If all this wasn’t bad enough, people were railing that the federal government was not doing enough. Neither Secretary of Transportation Buttigieg - who, despite holding the SoT position for two years, blamed president Trump for the disaster - nor the President had been on-site to assess the situation. FEMA was refusing assistance. It should be noted, as already stated, the federal government has no Constitutional franchise to be involved nor to offer aid, but it has become customary for the President to visit the site of a disaster. Yet neither official cared to travel to the site until Orange Man Bad announced a scheduled visit.
That situations like this arise are not surprising.

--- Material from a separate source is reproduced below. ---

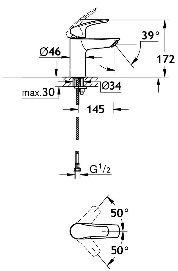 литой рычагмонтаж на одно отверстиеаэратор M 24 x 1керамический картридж с ограничителем горячей водыгибкая подводка G 1/2система быстрого монтажаИталия10 лет гарантии

There are, according to statistics, at least 1000 train derailments annually. Much of this is eerily reminiscent of Ayn Rand’s Atlas Shrugged. As Ronald Reagan said, “The nine most terrifying words in the English language are ‘I’m from the government and I’m here to help.’” The government, especially the federal government, will always be inefficient and ineffective in dealing with situations like this. We must, therefore, work to get and keep the federal government out of circumstances in which it does not belong. Unless we do, millions of lives will continue be sacrificed as the government bureaucracy continues to use their safe and effective™ playbook.
Where the feds are concerned, we should all take Nancy Reagan's advice, and "Just say no!"
I have ZERO doubt that the federal government is LYING through thier teeth about the hazards of what is happening in East Palestine, Ohio. There is no way they can keep pushing the "green" narrative while doing next to nothing to clean up this HUMONGOUS MESS they created by BURNING these toxic chemicals.
"The same people who protested the Dakota Access Pipeline six years ago have been notably absent throughout the past four weeks.
https://www.westernjournal.com/erin-brockovich-breaks-silence-visit-east-palestine-biden-wont-like-say/
The government can run but they can not hide where this one is concerned. There are A LOT of people that are going to hold their feet to the chemical fire on this one.